Main culprit for oil contamination is the PCV system. I've only got experience with pre-facelift layout of the engine - I think the facelift models are slightly different - but essentially:

The side on the right looking into the engine bay (exhaust side) is the high-pressure side. There's a centrifugal oil separator that in theory condenses the oil vapour and allows it to run back into the sump, with a minimal amount passing to the intake just because nothing can be 100%. The obvious hoses are very obvious, two smaller hoses run near the exhaust and perish. First is a slightly larger bore hose that takes oil to the dipstick tube. If it's gone, you'll smell oil, might find oil traces.

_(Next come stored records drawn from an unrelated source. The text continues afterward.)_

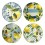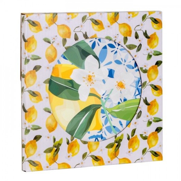 Set de 4 Dessous de Plat Rond en Céramique, 20 cm, Motif Citrons et Fleurs, Style Méditerranéen, Bleu et Jaune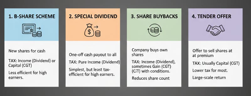 B-share scheme: this is where AEP issues new shares pro rata to existing shareholders, then pays cash to buy them back at a set price and cancels them, reducing their capital in the process. If structured correctly, this may be able to be done as a return of capital, potentially avoiding capital gains taxes. It would enable as much cash as desired to be returned.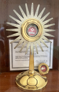 聖體小堂是平日彌撒所用之地,中懸方濟十字架,左側有聖德蘭姆姆聖髑,右側為耶穌的臨終「我渴」呼喚英文彩玻,在此敬體聖體,格外心定神凝,恩寵滿滿。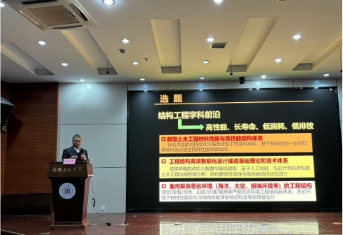 牛荻涛教授作题为“混凝土结构耐久性研究进展”的学术报告。报告首先回顾混凝土结构耐久性研究的发展历程,指出其从单一因素研究逐渐向多因素耦合作用研究的转变。接着阐述在荷载与环境共同作用下,混凝土抗渗性、抗冻融循环等方面的研究成果,以及耐久性评定标准的建立和预测模型的发展。此外,探讨极端气候条件下耐久性研究的新方向,为混凝土结构耐久性研究提供全面而深入的视角。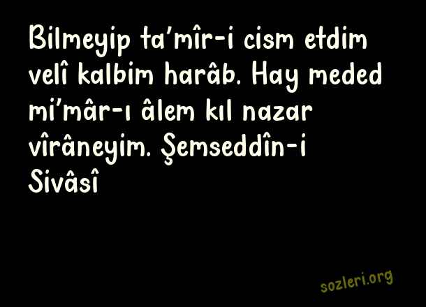 Bilmeyip ta’mîr-i cism etdim velî kalbim harâb. Hay meded mi’mâr-ı âlem kıl nazar vîrâneyim. Şemseddîn-i Sivâsî ( Berceste Beyitler )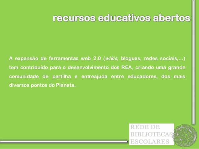 29. 29. A expansão de ferramentas web 2.0 (wikis, blogues, redes sociais,…)tem contribuído para o desenvolvimento dos REA, criando uma grandecomunidade de partilha e entreajuda entre educadores, dos maisdiversos pontos do Planeta.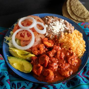 Shrimp cooked in extremely spicy chile de arbol sauce served with rice, refried beans and salad with your choice of corn or flour tortillas.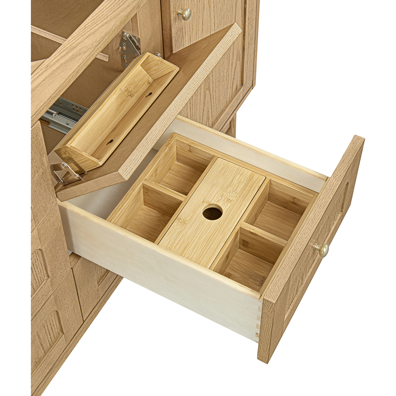A modern interpretation of mid-century design, the Laurent 60" Double Vanity features organic charm with soft, rounded picture-frame details. Its Light Natural Oak finish over cathedral grain Ash veneers highlights the beautiful, natural wood texture, while Champagne Brass knobs lend a touch of elegance. Designed for versatility, this vanity offers two top-row tip-out drawers, four generously sized full-extension drawers, and a removable bamboo drawer organizer. The two-door cabinet door opens to adjustable shelves and a conveniently integrated USB/120V power unit. Choose to install the Laurent as a freestanding vanity with the modern wood base, or float it on your wall using our durable French cleat hardware. Perfectly crafted and beautifully appointed, Laurent brings an understated elegance to any bathroom. Select one of our 3 cm tops to complete the look.Two single-door cabinets with internal shelves; two top-row tip-out drawers, and four standard drawersDrawer boxes feature English Dovetail joinery with premium, soft-close undermount drawer slides; doors feature soft-close, adjustable door hingesCabinet features a multi-stage premium finish coat to offer UV and moisture resistanceLight Natural Oak finish with Champagne Brass hardwareCabinet only; select one of our countertops to complete the vanityIntegrated 120V outlet with USB portsDrawers lined with our signature brushed aluminum laminate for easy cleaningRemovable bamboo drawer organizer includedDual-mounted: can be installed freestanding or floating with included French Cleat hardwareFaucets sold separatelyDesigned with a contemporary appeal, the Laurent Collection is a modern interpretation of mid-century design, featuring rounded picture-frame detailing in a beautiful Light Natural Oak finish over cathedral grain Ash veneers. Available in six sizes, the Laurent can be installed as a floating vanity or can remain freestanding. Let the beautiful natural wood and elegant design create a beautiful focal point for any bathroom space.1 year warranty against manufacturer's defects. We will repair or replace any defective product, if the product is defective in material or workmanship at our discretion. No warranty is expressed or implied regarding damages resulting from consumer misuse.

The second is a 3mm vacuum pipe that goes to the supercharger from the breather on the cam cover. If that one perishes, the oil separator doesn't work correctly. I'm hedging what I'm saying in that I can't remember exactly what it does - I think it provides vacuum, as it also messes with the boost, but am happy to be corrected on that. Either way, it's easily overlooked and gets scorched by heat. I replaced mine with a slightly longer silicone hose routed over the top of the air intake pipe, but simply cable-tying the normal one away from the head/manifold should be sufficient.

On the other side we have the real problem area. The low-load side of the PCV system is the traditional PCV valve with two nozzles screwed into the cylinder head. The rubber pipework can break - it does go brittle and hard over time - but on mine for example, it hadn't broken, was just more rigid than when new. All seals were intact.

The spring loaded valve vents oil vapour into the engine directly, to be burned off. The nozzles, being very narrow bore, get clogged with carbon deposits and crap - particularly when oil is coming in through the intake due to the high-flow oil separator not working. That side failing - so crankcase vapour doesn't relieve pressure into the inlet manifold - seems to increase the pressure on the other side which as it's not at high RPM/lots of flow, just ends up gunged up with oil which gets into the intake.

Upshot of this is, before buying a MAF, check for oil in the intake (mine had a dribble of oil on the air filter, very easy to see), and if there's oil in the intake, clean the easily accessed oil separator and pipework, then prepare for fun & games getting to the PCV valve and pipework which is underneath the inlet manifold. On mine, the PCV valve looks usable but as cleaning the nozzles needs all the pipework removing anyway, I replaced the whole lot.

Ignored for too long things like cam cover gaskets will leak, ending up with problems like oil in the sparkplug pockets. The other telltale on my car was a little trace of oil around the filler cap - and my filler cap is a new one.